**** GIVEN INFORMATION

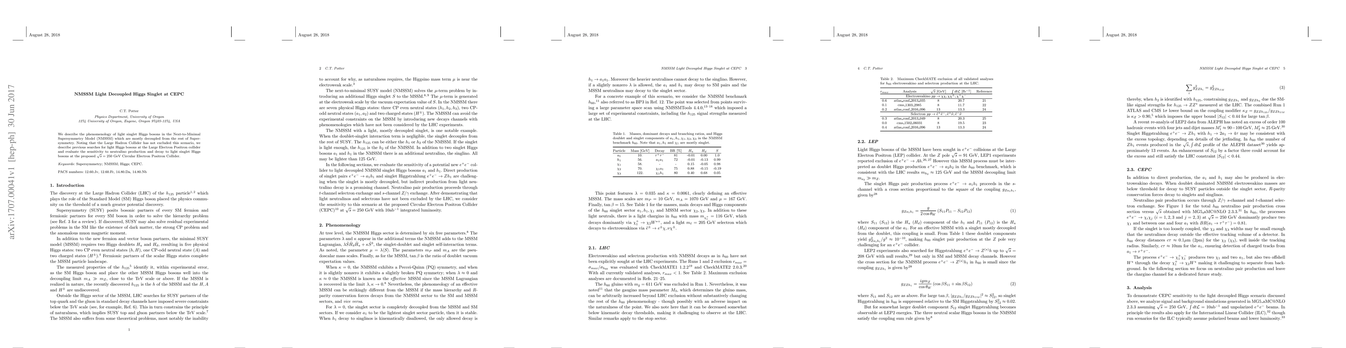 We describe the phenomenology of light singlet Higgs bosons in the Next-to-Minimal Supersymmetry Model (NMSSM) which are mostly decoupled from the rest of Supersymmetry. Noting that the Large Hadron Collider has not excluded this scenario, we describe previous searches for light Higgs bosons at the Large Electron Positron collider and evaluate the sensitivity to neutralino production and decay to light singlet Higgs bosons at the proposed $\sqrt{s}=250$~GeV Circular Electron Positron Collider.
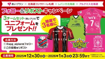 SNS応募の懸賞【X懸賞】ユニフォームセットを3名様にプレゼント 締切:2026-01-03 あいプラン / A.I.PLAN‐お年玉プレゼントキャンペーン 賞品:ユニフォームセット(3名様) 締切:2026年1月3日(土) 公式X(Twitter)アカウント...SNS応募の懸賞
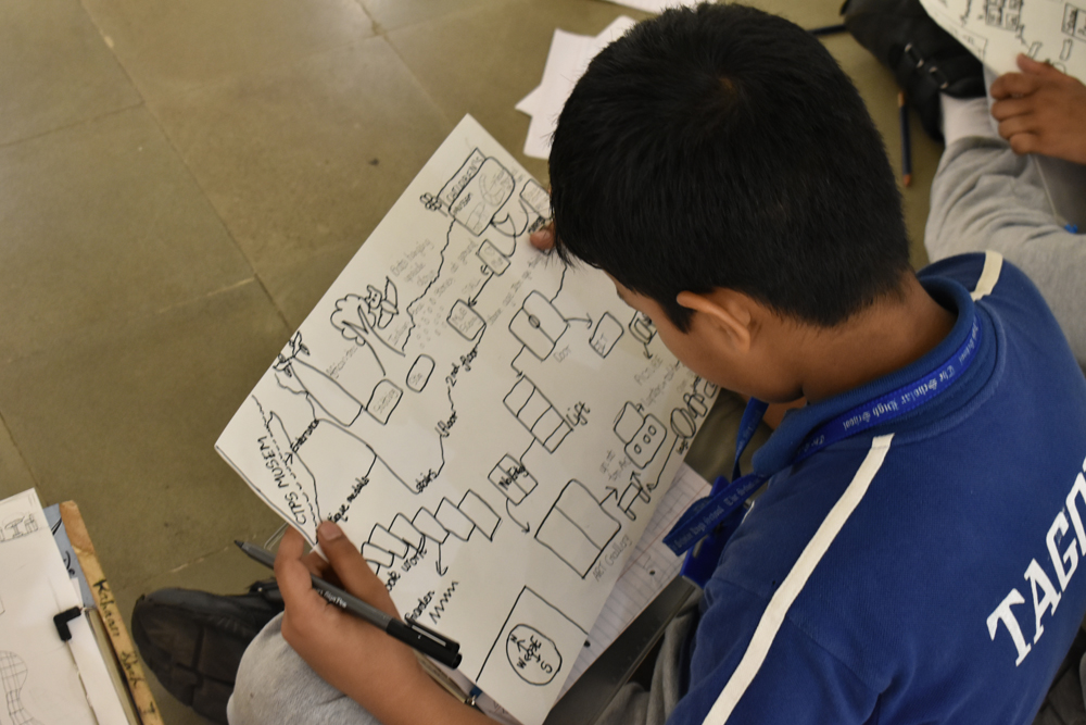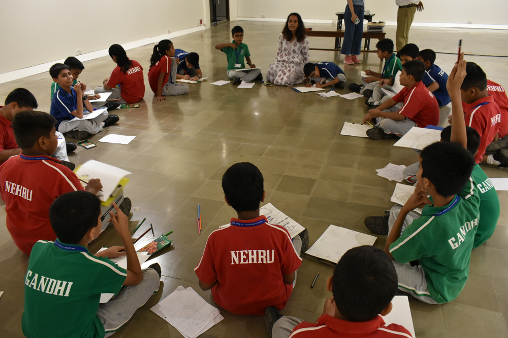 Taking a bit of inspiration from Foy Nissen's hand-drawn maps, this workshop was conducted on map-making. Participants - school students from Scholars High School- were taken on a walk around the Kala Ghoda art precinct and museum premises by Alisha Sadikot of The Inheritage Project, exploring how and why this neighbourhood was built. Students were asked how these spaces are used today, and by whom, to make their very own museum maps!

********

TASK
Please keep every line of the data the same when you reproduce it, and keep every picture out.

TASK SOLUTION
 We describe the phenomenology of light singlet Higgs bosons in the Next-to-Minimal Supersymmetry Model (NMSSM) which are mostly decoupled from the rest of Supersymmetry. Noting that the Large Hadron Collider has not excluded this scenario, we describe previous searches for light Higgs bosons at the Large Electron Positron collider and evaluate the sensitivity to neutralino production and decay to light singlet Higgs bosons at the proposed $\sqrt{s}=250$~GeV Circular Electron Positron Collider.
 SNS応募の懸賞【X懸賞】ユニフォームセットを3名様にプレゼント 締切:2026-01-03 あいプラン / A.I.PLAN‐お年玉プレゼントキャンペーン 賞品:ユニフォームセット(3名様) 締切:2026年1月3日(土) 公式X(Twitter)アカウント...SNS応募の懸賞
 Taking a bit of inspiration from Foy Nissen's hand-drawn maps, this workshop was conducted on map-making. Participants - school students from Scholars High School- were taken on a walk around the Kala Ghoda art precinct and museum premises by Alisha Sadikot of The Inheritage Project, exploring how and why this neighbourhood was built. Students were asked how these spaces are used today, and by whom, to make their very own museum maps!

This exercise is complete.